What is Wind Potential Energy?

Potential energy was first defined in the 19th century by Scottish physicist William Rankine. He explained it as energy stored within a system that could be converted to work. When referring to wind potential energy, this can be understood as the amount of usable energy that may be feasibly produced by wind currents. Such wind energy is converted to kinetic energy through such means such as wind turbines, wind mills, wind pumps, and the sails of ships. Humankind has a long history of using wind's potential energy for its own purposes: to power wind mills, to grind grain, to push sailing ships across the sea and, more recently, to produce electricity.

Wind potential energy is measured in joules. A joule is defined as the work needed to produce one watt of power for a one second period. The basic theory behind wind potential energy states that wind at a certain speed and strength can create enough joules of energy to perform a certain task. For example, if a steady breeze turns a wind turbine's blades 10 revolutions per second, and each revolution produced 1.5 joules, then the resulting wind potential energy would be 15 joules. This means that it could reasonably produce 15 watts of energy every second.

Using this same example, if the wind continued at the same steady breeze for one hour, it would produce 54 kilowatts of electricity. The potential energy of the breeze would be 54,000 joules per hour. Such a figure could power a 100 watt light bulb continuously for 540 hours before being depleted.
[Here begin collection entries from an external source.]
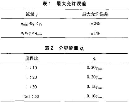 由表1可知,流量計在分界流量至*大流量之間時(q,≤q≤qmx)精度等級可達到1.0級,在*小流量和分界流量之間時(qmin≤q q1=0.20q,max
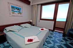 Camera family garden (su richiesta): doppio ambiente con un bagno da 4 posti letto (letti piani), disponibili senza supplemento fino ad esaurimento disponibilità; supplemento camera vista mare (su richiesta): € 20 al giorno a camera in tutti i periodi;
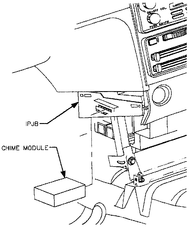 The Instrument Panel Junction Block (IPJB) is located under the center of the instrument panel directly in front of the console.

The formula for figuring wind potential energy is also used to assess the economic feasibility of wind turbine fields and other wind energy collection methods. In areas where the wind is steady, it can be an economically sound decision to try to harness its power. In areas where the air movement is less than steady, however, the expense involved in setting up and maintaining wind turbines and other devices to harness energy may outweigh any benefits that could be gained.

To determine economic feasibility, the formula used to obtain the wind potential energy from the previous example is used and then multiplied by the number of proposed wind turbines. Using the previous example, if a single wind turbine produces 54,000 joules of electrical energy per hour, ten wind turbines can reasonably be expected to have a wind potential energy of 540,000 joules per hour. By this estimation, the wind potential energy of such a wind turbine field will have the potential to produce 540 kilowatt-hours of electricity per hour for as long as the wind continues.